Stability: Any casual agent has to be persistent and stable across time for its pattern of effects to be general over ages and decades[2]. Large and stable individual differences in g are developed by adolescence and the dispersion of g in population’s intelligence present in every generation, no matter what social circumstances are present. Therefore, equalizing socioeconomic environments does very little to reduce the dispersion in IQ[3]. The dispersion of IQ in a society in general is more stable, than its dispersion of socioeconomic status[2].

Replicability: Siblings who vary in IQ also vary in socioeconomic success which can be comparable with strangers of comparable IQ[4]. Also, g theory[2] predicts that if genetic g is the principal mechanism carrying socioeconomic inequality between generations, then the maximum correlation between the parent and child SES will be near to their genetic correlation for IQ (.50).

Transportability: The performance [5] and functional literacy [6] studies both illustrated how g is transportable across life situations and it represents a set of largely generalizable reasoning and problem-solving skills. G appear to be linearly linked to performance in school, jobs and achievements.

Generality: Studies [7] show that IQ measured at the age of 11 predicted longevity, premature death, lung and stomach cancers, dementia, loss of functional independence, more than 60 years later.
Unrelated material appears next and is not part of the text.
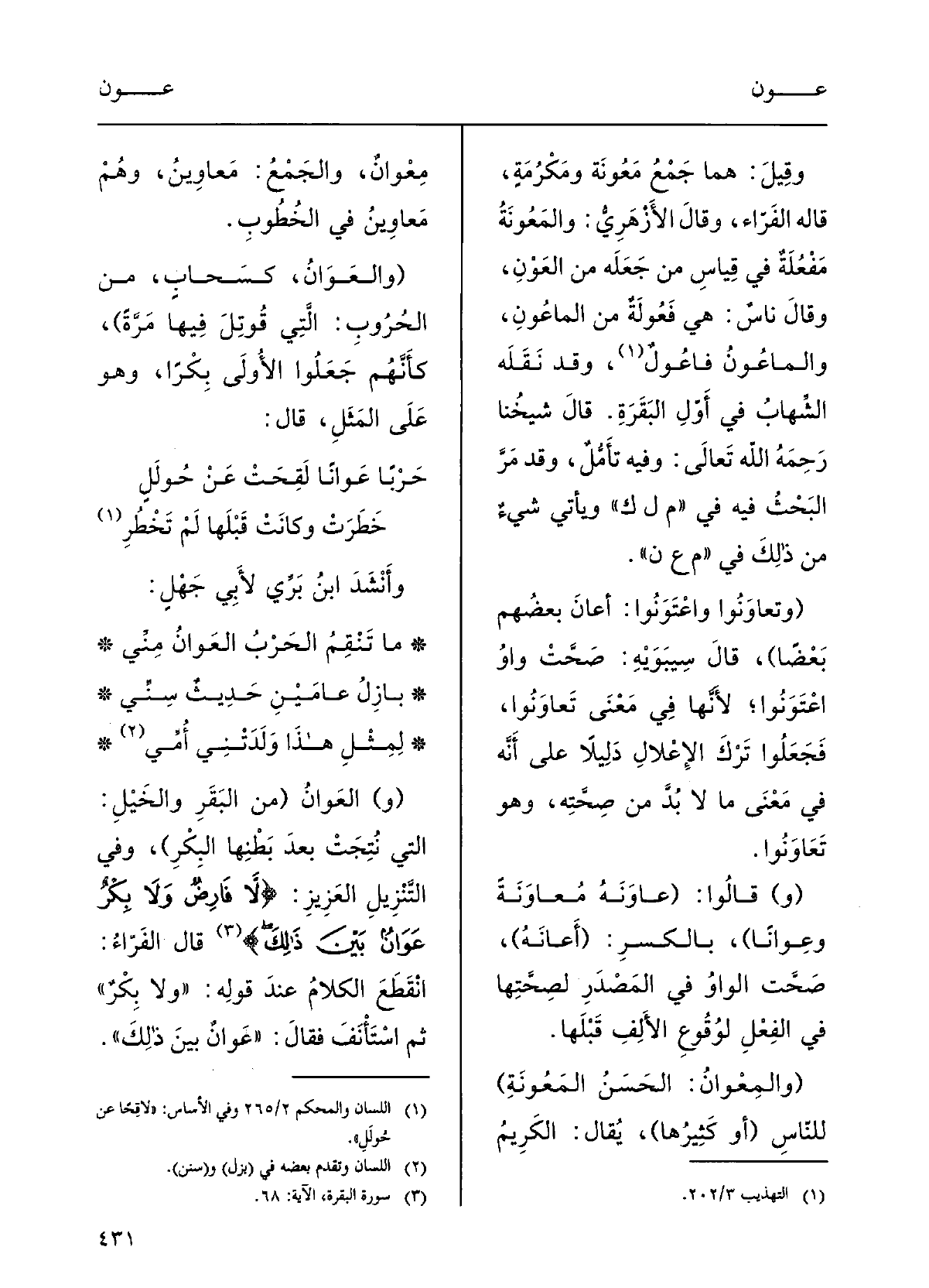وقالَ الأزْهرِيُّ:} والمَعُونة مَفْعُلة فِي قِياسِ مَنْ جَعَلَه مِن العَوْنِ.

Research has shown that higher IQ at age 11 is significantly related to higher social class in midlife[8]. Therefore it is safe to assume that higher SES, as well as higher IQ, generally predicts better health.

Measurability: g factor can be extracted from any broad set of mental tests and has provided a common, reliable source for measuring general intelligence in any population[2].

Falsifiability: theoretically, if g theory[2] would conceive health self-care as a job, as a set of instrumental tasks performed by the individuals, it could predict g to influence the health performance in the same way as it predicts performance in education and job.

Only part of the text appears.